On April 6 Nikkei Asia reported: “China weighs export ban for rare-earth magnet tech. Beijing looks to strike back after Washington’s chip restrictions”. Some investors may have concerns that this news may potentially severely disrupt western markets as they rely heavily on the Chinese rare earths and magnets supply chain.
The unconfirmed report stated: “China is considering prohibiting exports of certain rare-earth magnet technology in a move that would counter the U.S.’s advantage in the high-tech arena……The revisions would either ban or restrict exports of technology to process and refine rare-earth elements. There are also proposed provisions that would prohibit or limit exports of alloy tech for making high-performance magnets derived from rare earths.…….In all, there are 43 amendments or additions in the draft list first announced in December by the commerce and technology ministries. Officials have finished taking public comments from experts, and the changes are expected to go into force this year.”
Note: Bold emphasis by the author.
The rare earths market remains heavily dependent on China
Remember China produces about 70% of all rare earths globally. Rare earths magnets are a key factor in modern day equipment that uses powerful lightweight electric motors. These range from numerous military applications, smartphones, PCs, to wind turbines and electric motors used in many electric vehicles and also in conventional cars.
If China went further to ban the final rare earths and magnet products, a supply chain disruption could have the potential to cause chaos globally.
Assuming the report is correct and the changes go through, what would be the implications on western markets
Well actually the other is ‘nothing’ to ‘no impact’ was the feedback experts shared with me from the Critical Minerals Institute (CMI) Board that I am a new member of, the debate seemed to offer a consensus that this was nothing more than a paper tiger.
My colleagues reason that the West is no longer dependent upon China technology to process rare earths or to make magnet rare earths. In fact, these processes are already being done in the West in multiple locations. For instance, rare earths are refined in Estonia by Neo Performance Materials Inc. (TSX: NEO) and in France by Solvay SA. In Japan, examples ranged, I was reassured that the technology to refine rare earths is well known outside China for both light and heavy rare earths.
While the level of impact ranged in opinions, it was communicated to me that bonded neodymium magnets (also known as NdFeB, NIB or Neo magnet), which the the most widely used of the rare earth permanent magnets, are made in Japan, Korea, the Philippines, Thailand, Germany, the UK and the U.S. Rare earth oxides are converted to metals in Vietnam and Thailand. NdFeB alloys are made in Vietnam, Thailand, Japan, Germany and the UK. The highest performance sintered magnets in the world are made in Japan.
InvestorIntel reached out to rare earths leaders in the Western world for comments
Tracy Weslosky, and Executive Director of the Criticals Mineral Institute (CMI) comment that “Any threat from any country must be taken seriously if only to identify what they are prioritizing.
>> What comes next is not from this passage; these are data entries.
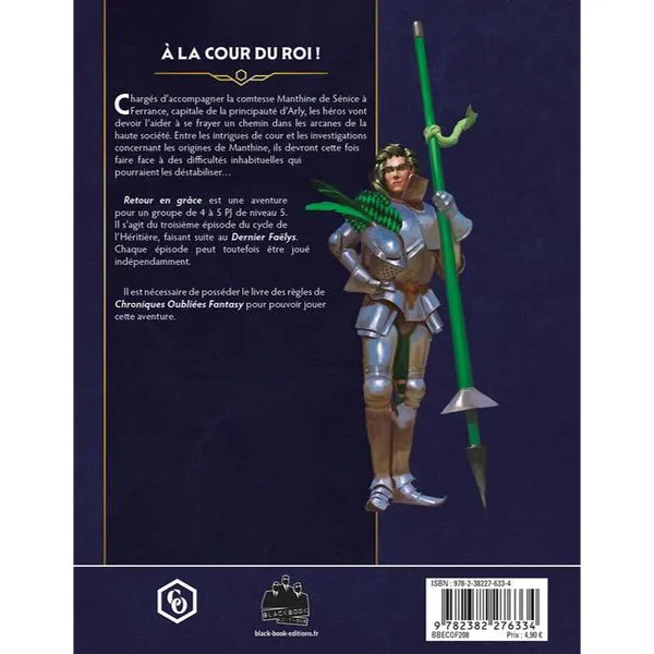 Retour en grâce est une aventure pour un groupe de 4 à 5 PJ de niveau 5. Il s’agit du troisième épisode du Cycle de l’Héritière (avec Les Entraves du Destin, Le Dernier Faëlys et Mortelle Xélys) . Chaque épisode peut toutefois être joué indépendamment. .
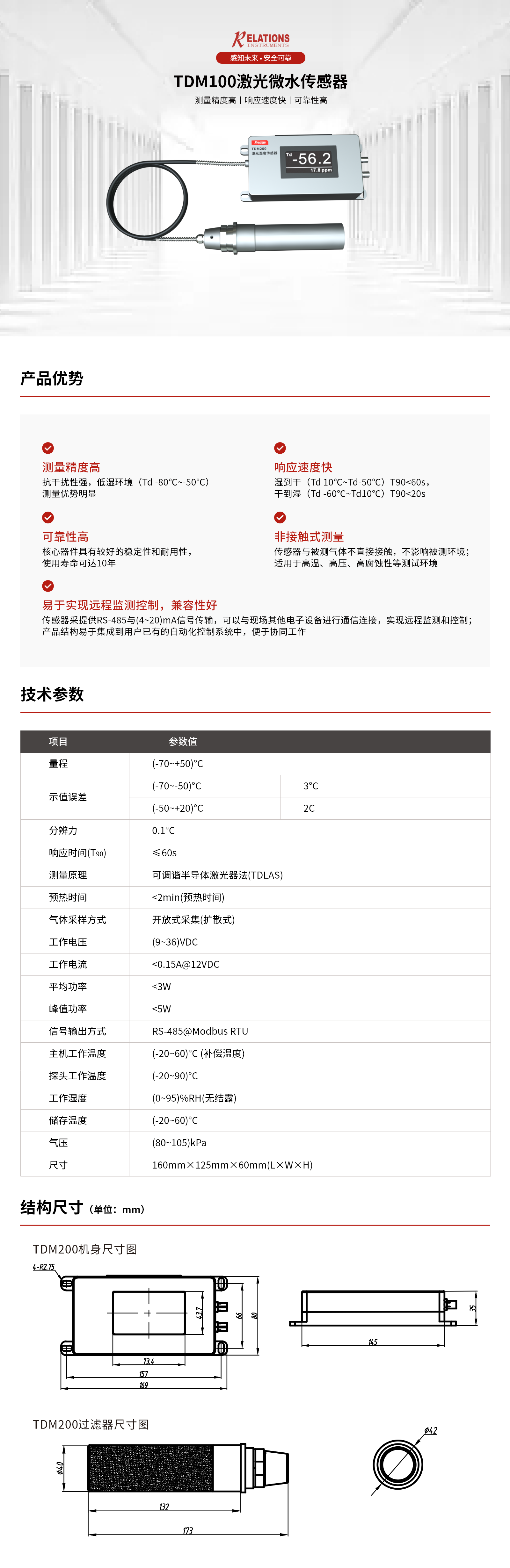 TDM200激光濕度傳感器是我公司研制生產的一款開放式在線微水檢測裝置,該裝置采用可調諧半導體激光吸收光譜(TDLAS)技術原理進行非接觸式測量,對特定氣體具有高度的選擇性,基本不受其他氣體成分(尤其是腐蝕性氣體)的干擾。
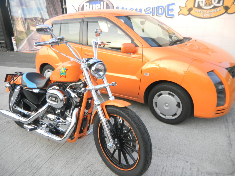 | '08 XL1200L ベビーエイプハンドルバー(配線中通し) グリップ(フレイム) スイッチボックス、スイッチキャップ、Fマスター、 ウインカー(POSHニュースクール) メーター移設(トランプ) クラッチケーブル、ブレーキホース、スロットルケーブル( フレーム(カスタムペイントbyRUSTIC) タンク(スモールタンクに変更、カスタムペイント byRUSTIC) Fフェンダー、Rフェンダー( FRホイール(カスタムペイントbyRUSTIC) ソロシート(レザー張替え、ステッチ byZIP MOTOR PRO) Fフォークボトムケース(クローム) クロームアクスルカバー クロームスイングアーム スイングアームピボットカバー(クローム) リアサス(プログレッシブ) ショートサイドスタンド クロームヘッドライトバイザー アッパーベルトカバー(XL1200N) デタッチャブルキャリア LEDテールランプ フューエルキャップメダリオン カスタムキー(SNAP-ON) |
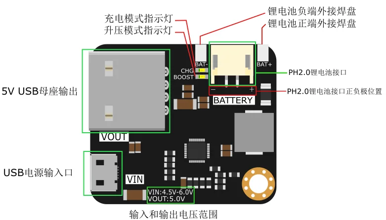 In many applications, we will use lithium-ion batteries as our power solutions. In this kind of plan, the first two technical difficulties to be solved are the boost and charging of batteries. These two points are prerequisites for ensuring continuous and stable operation of the system. Traditional boost and charge are usually divided into two separate parts to perform, circuit construction will be relatively cumbersome. The MP2636 power management module is a small volume charging / boosting two in one module. When there is an external power supply, the battery charges automatically. At this time, the CHG lamp is always on. When there is no external power supply, the lithium battery is used as the power supply to boost to the output. At this time, the Boost lamp is always on. Be careful: When powered by an external power supply, the output voltage is not stable at 5V, but slightly lower than (about 0.1V) the external power supply. Input voltage is not more than 6V, when the input voltage exceeds 6V, the chip will stop working, input voltage should not exceed 16V, otherwise the chip may burn out. Charging mode input voltage (VIN):4.5-6.0V Boost mode output voltage (VOUT):5V Suitable for battery voltage: 4.2V (3.7V lithium battery full 4.2V) Charging mode large charging current: 2.5A Boost mode large output current: 2.5A Switching frequency: 600KHz Charging mode efficiency: >90% Boost mode efficiency: >90% Supporting battery overcharge protection Temperature protection: over 150 C, automatic power failure. Size: 35 x 30mm Weight: 12g
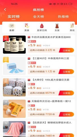 1. 爆款推荐:一折商品限时抢购,人工精选的商品榜单配以超出想象的大额优惠券,人气爆品低至1元,让你享受前所未有的购物快感;
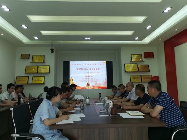 2020年6月23日,鑫宏工程公司在都江堰水利大廈公司會議室組織開展支部建設工作指導交流會暨“黨建領示范,實干促發展”主題黨日活動。活動特別邀請四川省水利職業技術學院水利工程系黨總支書記李增勇、學生工作處副處長李軍,四川省都江堰東風渠管理處金牛站站長毛旗到公司指導支部建設工作。公司黨支部書記、經理毛偉,公司支部紀檢委員、副經理曹軍,公司支部宣傳委員、總工程師鄭中華,公司支部組織委員、工會主席羅極川等全體黨員及部分職工參加交流會。

We have a 1.2 trillion EV market demand by 2030 pressing down on the rare earth permanent magnet sector. To build these electric vehicles, finding a magnetic materials such as neodymium (Nd) for instance must be more than identified in the ground, it must be extracted. Qualified professionals, and competitive technologies for what experts describe as a 4-5 step process is much more tech than mining, but all stages clearly rely on each other. Collaborative technologies, and qualified professionals are required and we need more of both.”
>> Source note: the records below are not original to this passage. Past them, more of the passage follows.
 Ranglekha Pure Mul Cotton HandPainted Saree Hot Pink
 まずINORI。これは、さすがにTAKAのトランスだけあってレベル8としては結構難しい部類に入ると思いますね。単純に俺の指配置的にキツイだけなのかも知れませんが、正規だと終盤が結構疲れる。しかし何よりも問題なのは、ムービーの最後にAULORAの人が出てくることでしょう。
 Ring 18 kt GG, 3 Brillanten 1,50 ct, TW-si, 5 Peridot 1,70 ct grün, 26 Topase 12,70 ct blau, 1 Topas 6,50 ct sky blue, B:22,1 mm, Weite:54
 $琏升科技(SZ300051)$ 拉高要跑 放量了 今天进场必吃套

The CMI Co-Chairman and Co-Founder Jack Lifton, adds: “What we are seeing is ‘technology nationalism.’ For the entire 21st century China has been whittling away at America’s lead in innovative technology as measured by the number of patents granted in each nation. America’s legal system prohibits the theft of intellectual property by imposing severe financial penalties on such perpetrators. China’s legal system theoretically protects international patent holders from such theft, but in reality, it has always been ineffective and heavily weighted towards the Chinese defendants.
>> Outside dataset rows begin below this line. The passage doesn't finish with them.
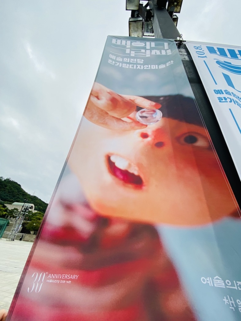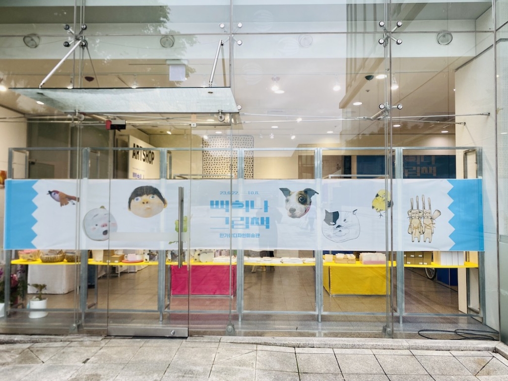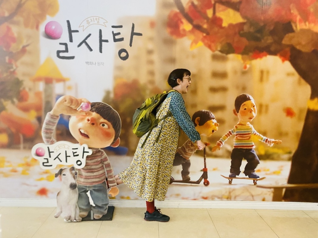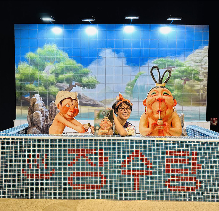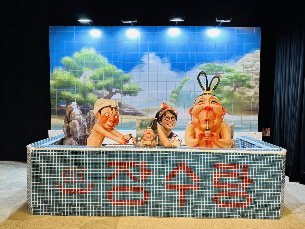在首爾藝術中心的白希那個人繪本展,其中《長壽湯仙女》的展區,做成澡堂的模樣,仙女婆婆在浴池裡泡澡(還冒著煙咧)。
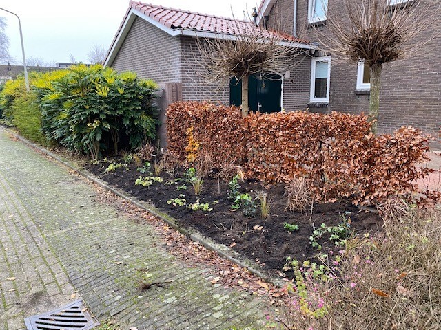 Bewoners onderhouden gezamenlijk groenstroken grenzend aan voortuinen om het eenduidige straatbeeld te behouden.
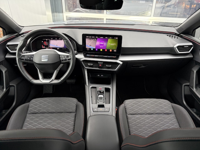 Binnenin geniet je van sportieve FR-details, waaronder sportstoelen met stoelverwarming, een verwarmd stuurwiel en een overzichtelijk infotainmentsysteem. Dankzij het Launch Edition-pakket is deze Leon bovendien rijker uitgerust dan de standaard FR-uitvoering.

China’s dominance of the supplies and processing into industrially useful forms of the critical minerals for the ten technologies it has targeted for domestic self-sufficiency by 2025 is the reason for the latest move. China does not want the rest of the world to know how close it may be to accomplishing its goal of technological self-sufficiency, so to its unofficial but very real critical minerals resource nationalism it is now adding selected technology nationalism. The ultimate goal, a Chinese economy independent of the rest of the world for resources and technology, is being advanced by deglobalization and the reformation of regional trading blocks.”
Global supply chains are very interconnected for the vast majority of consumer products made today. This means any threats to this chain send investors into a panic. on this occasion the loss of China ‘processing technology’ for rare earths and magnets is a non-issue. The technology is already out and the leader in magnet technology is in fact Japan, not China. For example, smartphones cannot be assembled in China without imported Japanese and increasingly, Korean rare earth containing components.
Western rare earths experts all agree the Nikkei Asia story is sensational and misleading. There is nothing to worry about says some; however, if China was to go a big step further and ban all rare earths and rare earth magnet exports then everyone agrees, we would have a real problem. This is why the West is moving to build up their own independent supply chains, not only in the rare earths sector, but also across numerous other critical materials and components in the supply chain.